WASHINGTON — The Supreme Court has thrown a hitch into President Barack Obama’s new health care law by blocking a requirement that some religion-affiliated organizations provide health insurance that includes birth control.
WASHINGTON — The Supreme Court has thrown a hitch into President Barack Obama’s new health care law by blocking a requirement that some religion-affiliated organizations provide health insurance that includes birth control.
Justice Sonia Sotomayor late Tuesday night decided to block implementation of the contraceptive coverage requirement, only hours before the law’s insurance coverage went into effect on New Year’s Day.
Her decision, which came after federal court filings by Catholic-affiliated groups from around the nation in hopes of delaying the requirements, throws a part of the president’s signature law into temporary disarray. At least one federal appeals court agreed with Sotomayor, issuing its own stay against part of the Affordable Care Act, also known as Obamacare.
The White House on Wednesday issued a statement saying that the administration is confident that its rules “strike the balance of providing women with free contraceptive coverage while preventing non-profit religious organizations with religious objections to contraceptive coverage from having to contract, arrange, pay, or refer for such coverage.”
Sotomayor acted on a request from an organization of Catholic nuns in Denver, the Little Sisters of the Poor Home for the Aged. Its request for an emergency stay had been denied earlier in the day by a federal appeals court.
The government is “temporarily enjoined from enforcing against applicants the contraceptive coverage requirements imposed by the Patient Protection and Affordable Care Act,” Sotomayor said in the order.
Sotomayor, who was in New York Tuesday night to lead the final 60-second countdown and push the ceremonial button to signal the descent of the Times Square New Year’s Eve ball, gave government officials until 10 a.m. EST Friday to respond to her order. A decision on whether to make the temporary injunction permanent or dissolve it likely won’t be made before then.
“The government has lots of ways to deliver contraceptives to people,” said Mark Rienzi, a lawyer for the nuns. “It doesn’t need to force nuns to participate.”
Under the health care law, most health insurance plans have to cover all FDA-approved contraceptives as preventive care for women. That means the coverage is provided free of charge.
Churches and other houses of worship are exempt from the birth control requirement, but affiliated institutions that serve the general public are not. That includes charitable organizations, universities and hospitals.
The requirement prompted an outcry from religious groups, which led the administration to try to craft a compromise. Under that compromise, insurers or health plan administrators must provide birth control coverage, and the religious institution itself is not responsible.
But the administration’s compromise did not satisfy some critics, who called it a fig leaf.
The nuns would have to sign a form authorizing their insurance company to provide contraceptive coverage, which would still violate their beliefs, Rienzi said.
“Without an emergency injunction, Mother Provincial Loraine Marie Maguire has to decide between two courses of action: (a) sign and submit a self-certification form, thereby violating her religious beliefs; or (b) refuse to sign the form and pay ruinous fines,” Rienzi said.
The Little Sisters operate homes for the elderly poor in the United States and around the world. They were joined in their lawsuit by religious health benefit providers, Christian Brothers Services and Christian Brothers Employee Benefits Trust.
Sotomayor’s decision to delay the contraceptive portion of the law was joined by the U.S. Court of Appeals for the District of Columbia Circuit, which also issued an emergency stay for Catholic-affiliated groups challenging the contraceptive provision, including the Archdiocese of Washington, D.C., and Catholic University.

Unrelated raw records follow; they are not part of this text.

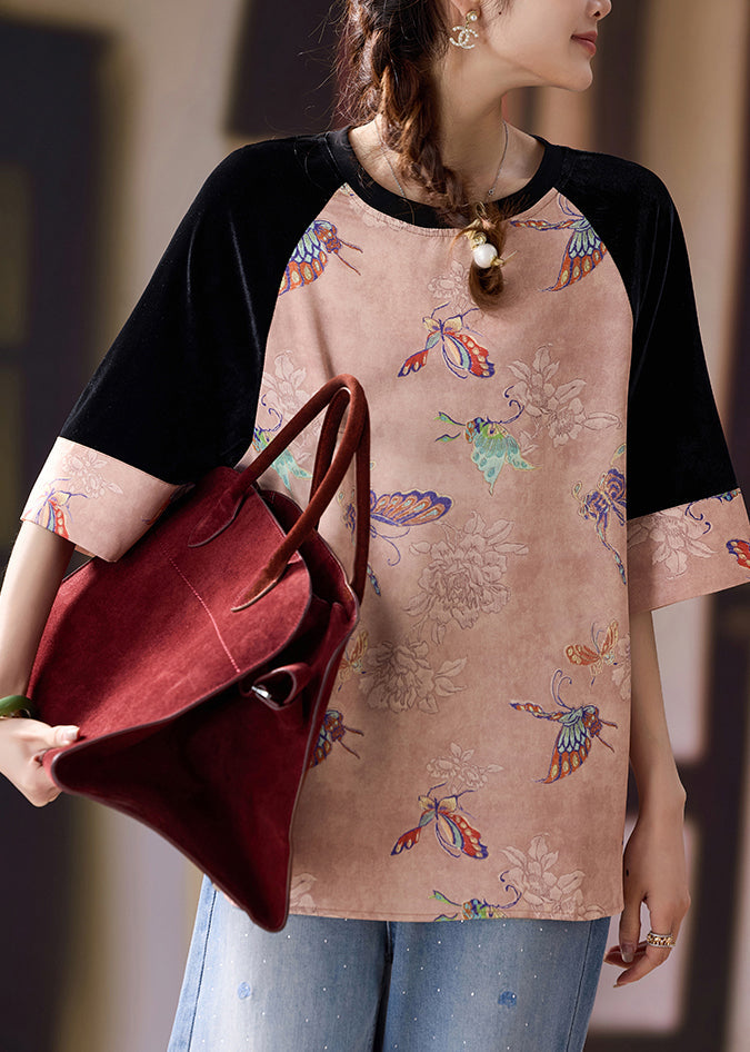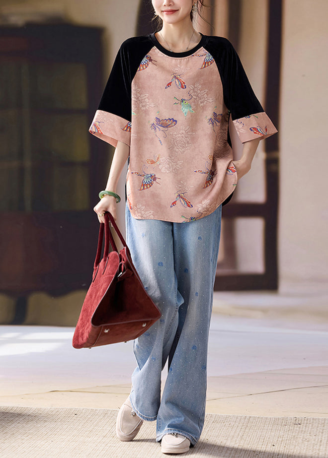Vintage Pink Patchwork Cotton Oriental Tanks Butterfly Print Half Sleeve
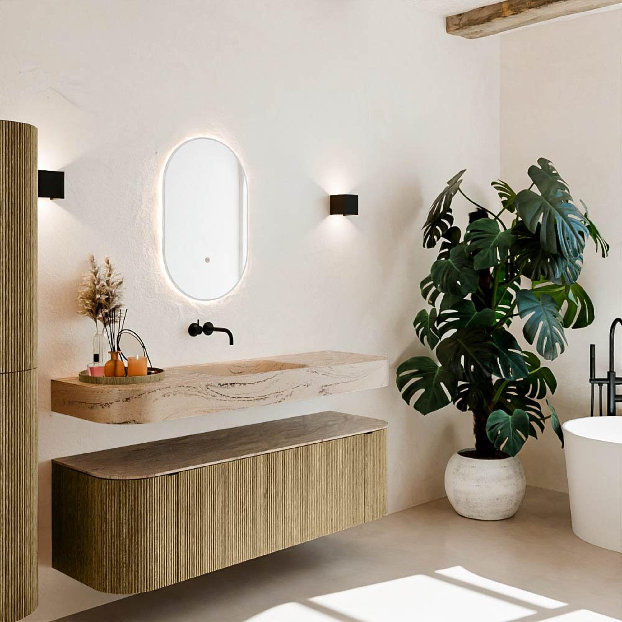Natuurlijke materialen in warme tinten. De verticale ribbels brengen ritme en textuur in het ontwerp, terwijl het eikenhout zorgt voor een warme, ambachtelijke uitstraling. Kies uit 5 houttinten OAK, WALNUT, DUSK, SHADOW en RUBY zorgvuldig geselecteerde houtkleuren om zowel moderne als klassieke badkamers te verrijken.
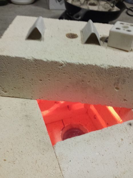 Voilà, le four est prêt à être testé. Comme on peut le constater, il n'est pas difficile de l'assembler, mais en pratique, il est très utile. L'auteur a utilisé une autre brique réfractaire comme toit. Un trou y est percé et un thermocouple est installé. Aux réglages minimum, le four chauffe jusqu'à 500oC et aux réglages maximums, il chauffe jusqu'à 1100oC. Il est très facile et pratique d'utiliser le four. Il est impératif de travailler avec des gants en matériau incombustible. Si vous devez regarder dans le four pendant le fonctionnement, vous devez déplacer la brique supérieure. Le four chauffe assez rapidement.

But one judge on the three-judge panel that made the decision, Judge David S. Tatel, said he would have denied their motion.
“Because I believe that appellants are unlikely to prevail on their claim that the challenged provision imposes a ‘substantial burden’ under the Religious Freedom Restoration Act, I would deny their application for an injunction pending appeal,” Tatel said.
The archdiocese praised the appeals court’s action in a statement.
“This action by the U.S. Court of Appeals for the D.C. Circuit is in line with the rulings of courts all across the country which have held that the HHS mandate imposes a substantial and impermissible burden on the free exercise of religion,” the archdiocese said. “These decisions also vindicate the pledge of the U.S. Catholic bishops to stand united in resolute defense of the first and most sacred freedom — religious liberty.”
The Supreme Court already has decided to rule on whether businesses may use religious objections to escape a requirement to cover birth control for employees. That case, which involves Hobby Lobby Inc., an Oklahoma City-based arts and crafts chain with 13,000 full-time employees, is expected to be argued in March and decided by summer.